To sum up, suppose we only take the tens digit code, the longitude code is 1101001111, and the latitude code is 1010001010.

Interweave the two codes like a warp and weft web:

11100110000011101110

2. Convert base32 encoding

Binary encoding can actually be used as geolocation encoding, but:

  1. Not easy to find the surrounding block. To calculate adjacent blocks, it is necessary to parse them into warp and weft codes and then calculate them. When base32 encoding is used, table lookup method can be used to speed up the calculation.
  2. The binary code length is too long for retrieval.

Therefore, GeoHash uses both Base32 and Base36 encodings, and since most do, this article covers only base32 encodings.

Decimal 0 1 2 3 4 5 6 7 8 9 10 11 12 13 14 15
Base 32 0 1 2 3 4 5 6 7 8 9 B C D E F G
Decimal 16 17 18 19 20 21 22 23 24 25 26 27 28 29 30 31
Base 32 H J K M N P Q R S T U V W X Y Z

Base32 encoding has 32 encodings, so 5 bits are needed to convert 11100110000011101110 to Base32 encoding:

WS7F

4. Calculate adjacent blocks

1. The general method

The input of the general method is binary code, so unlike the lookup table method has a bit limit, applicable to all cases, the process is simple.

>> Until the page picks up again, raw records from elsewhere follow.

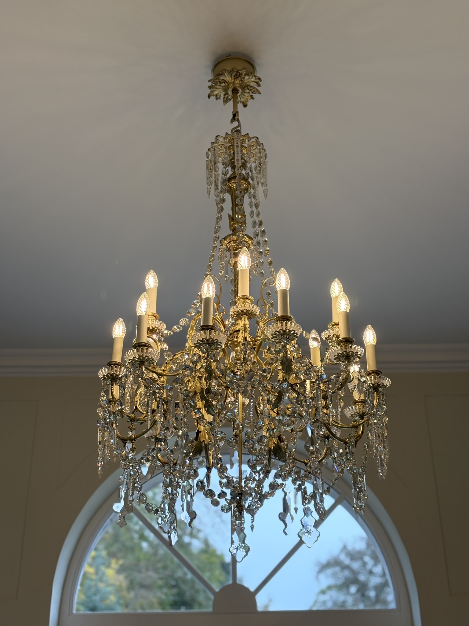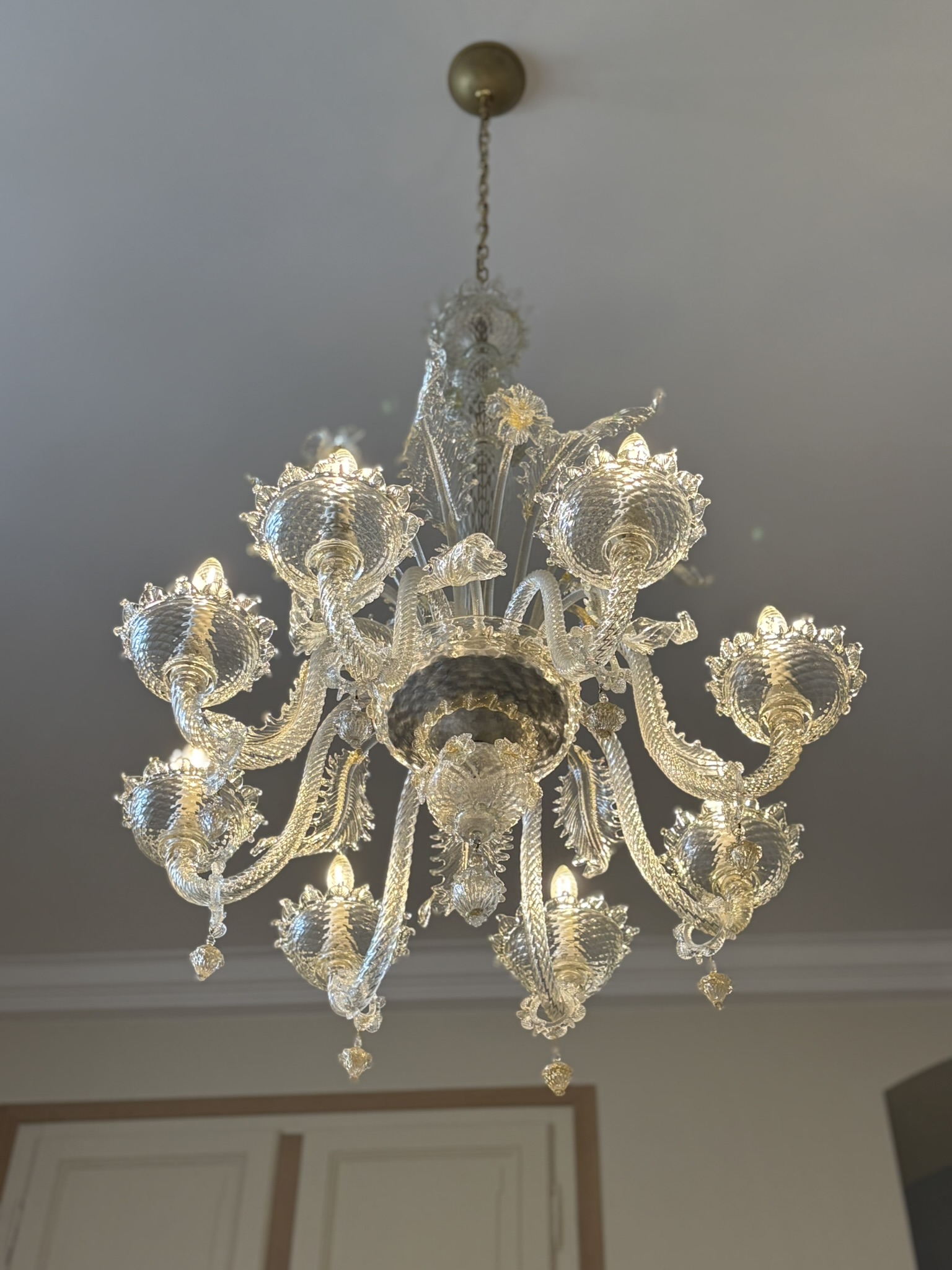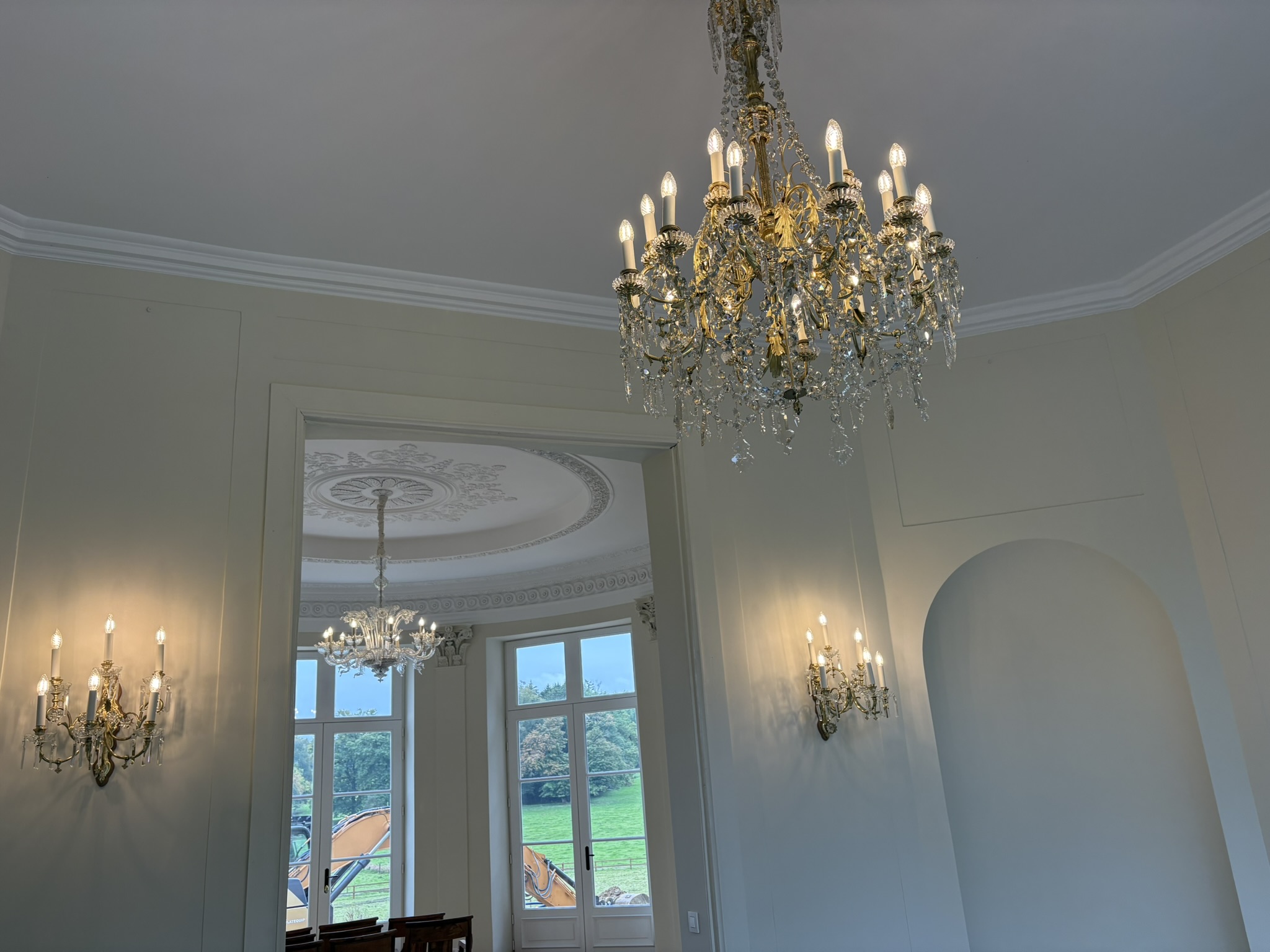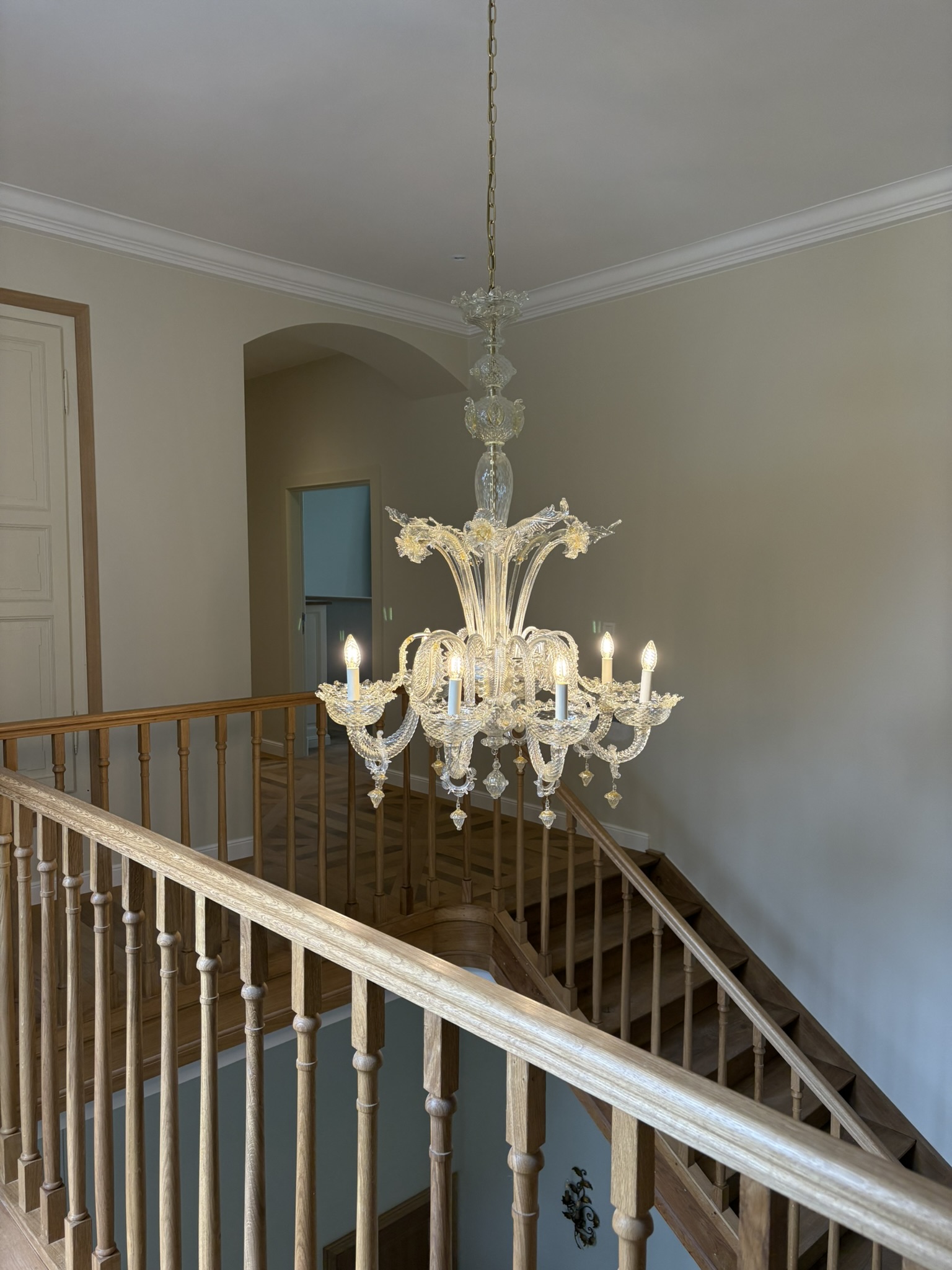 Au château de Buresse, nous avons restauré plusieurs pièces d’éclairage d’exception. Deux lustres Murano, l’un transparent et l’autre doré, ont été minutieusement restaurés afin de retrouver leur éclat d’origine. Nous avons également redonné vie à un ancien lustre à gaz, témoin du patrimoine historique du château. Pour parfaire l’harmonie de l’ensemble, nous avons recherché et restauré deux appliques qui s’accordent parfaitement avec le lustre à gaz, recréant ainsi une cohérence esthétique et historique au sein des lieux.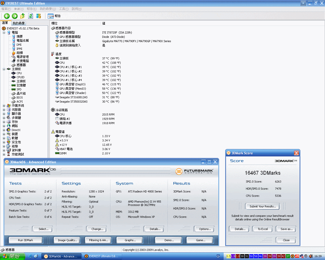 室溫約26度, CPU少超至3.4Ghz時閒置都係廿幾度, 3Dmark06達萬三分水平, 而且溫度亦都冇大幅度提升!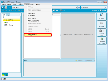 如果您希望选择未连接的 Document Server 库作为传输目标,或者选择需要验证的网络驱动器上库中的文件夹,则需要连接到库。有关连接的详细信息,请参阅下列内容。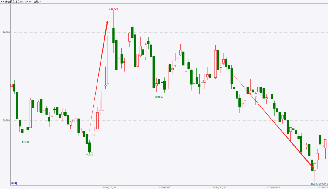 行情回顾:2024年上半年,碳酸锂市场经历了显著波动。年初,受新能源汽车补贴政策退坡、磷酸铁锂市场份额增加等因素影响,碳酸锂需求预期减弱,市场对未来供应的担忧加剧。这种担忧情绪迅速传导至期货市场,推动碳酸锂期货价格快速下跌。然而,在2月底至3月初,市场出现了一次短暂的反弹。反弹主要受到市场情绪的影响和供需关系的变化。市场短线利好消息不断发酵,如减产、检修、环保等供给端的利好,以及需求端如排产大幅提升、消费品以旧换新等利好。期货与现货市场均对此作出了积极反应,市场给予需求旺季的二季度合约一定升水,造成短期内现货紧缺。然而,随着供应端的产能扩张与需求端的疲软双重压力,碳酸锂价格随后继续下跌。尽管有短暂的反弹,但企业大范围减产趋势难以形成,市场依旧弱势运行。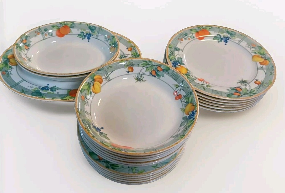 Vintage 1995 Wedgewood Eden Dinnerwear Set Of 24 from Portugal includes Salad Bowls, Salad Plates, Dinner Plates, Serving bowls, and Platter Includes: One 14 - inch platter Two 10.5 - inch serving bowls Six 8.5 - inch round bowls Six 8.25 - inch salad plates Six 10.5 - inch dinner plates Beautiful set all in good condition! Packaged with care for safe delivery and fast shipping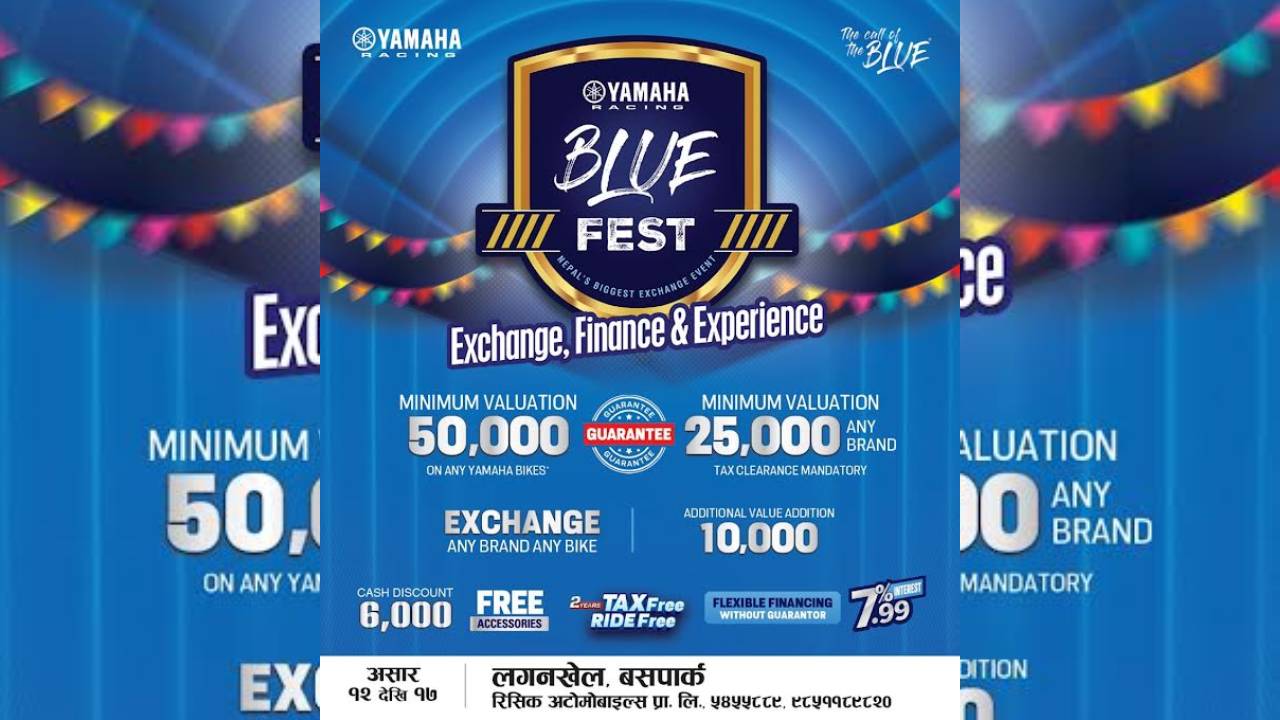 असार १२ गतेदेखि १७ गतेसम्म चल्ने रोमाञ्चक कार्यक्रममा कुनै पनि ब्रान्डका कुनै पनि बाइकलाई उत्कृष्ट मूल्याङ्कन र फाइदाहरूका साथ साट्ने अवसर प्राप्त हुनेछ। यामाहा ब्लू फेस्टमा निम्न विशेष अफरहरू समावेश छन्:

Firstly, the binary code of longitude and latitude is divided into longitude and latitude. If the input position is north, the latitude is added by one. South, the latitude is reduced by one; To the west, the longitude is reduced by one; East, add one to the longitude. Note that the addition and subtraction must keep the original significant bits (for example, 11 + 01 = 00, keeping two significant bits). Finally, the calculated results are recombined to obtain the binary code of the desired position.

The process is as follows:

2. The look-up table method

The table lookup method is much faster than the general method and does not divide the input encoding into latitude and longitude for addition and subtraction, but it is important to note that the input is base32 encoding and therefore only works with geohashes that are multiples of five binary encoding bits.

Most articles on the web only talk about how to use lookup table method to calculate the neighborhood block, so how to get this lookup table? Now that I have the code, how do I compute the neighborhood block? Most articles on the web only show how to use table lookup to calculate neighborhood blocks, but how to get this table lookup?

From the previous, we know that the encoding consists of five bits, which are interlaced with warp and weft. Therefore, if the code is in odd digits, that is, weft by weft interleaved; If it is in even position, it is weft by weft by weft.

So, take W as an example, binary is 11100. If it is in odd digits, it is upper right, lower left in the table; if it is in even digits, it is upper right, lower left, lower left in the table. Therefore, the position of W in the table lookup is shown as follows:

WS7F
F
F
E, G, D, 9, C
5, 4, 1
5, 4, 1
7
7
K

Therefore, the surrounding adjacent blocks are located WS7E, WS7G, WS7D, WS79, WS7C, WSK5, WSK4 and WSK1 respectively, and the position relationship is as follows:

Five, the summary

Mainly introduced in theory:

  1. GeoHash encodes geographic points by taking a binary based on a “recursive dichotomy” and converting the binary to Base32 encoding.
  2. A quick way to compute the GeoHash neighborhood is to take the last bit code, look up the neighborhood code based on the even-digit table, look up the previous bit code if one direction is out of bounds, and look up the corresponding direction code based on the odd/even table.

Use GeoHash to encode a location

Sixth, the extensions

  1. GeoHash can be used to encode not only positional points but also faces, helping to compute multiple combinations of points and faces. For example, determine whether the location is within the store’s distribution fence.

  2. The GeoHash is an application of the Peano curve as follows:

    There are also many space-filling curves, such as the Hilbert curve, which is generally considered good and has no large mutations.

reference

  1. Core principles of GeoHash
  2. Based on fast GeoHash, how to achieve efficient matching between mass goods and business circles?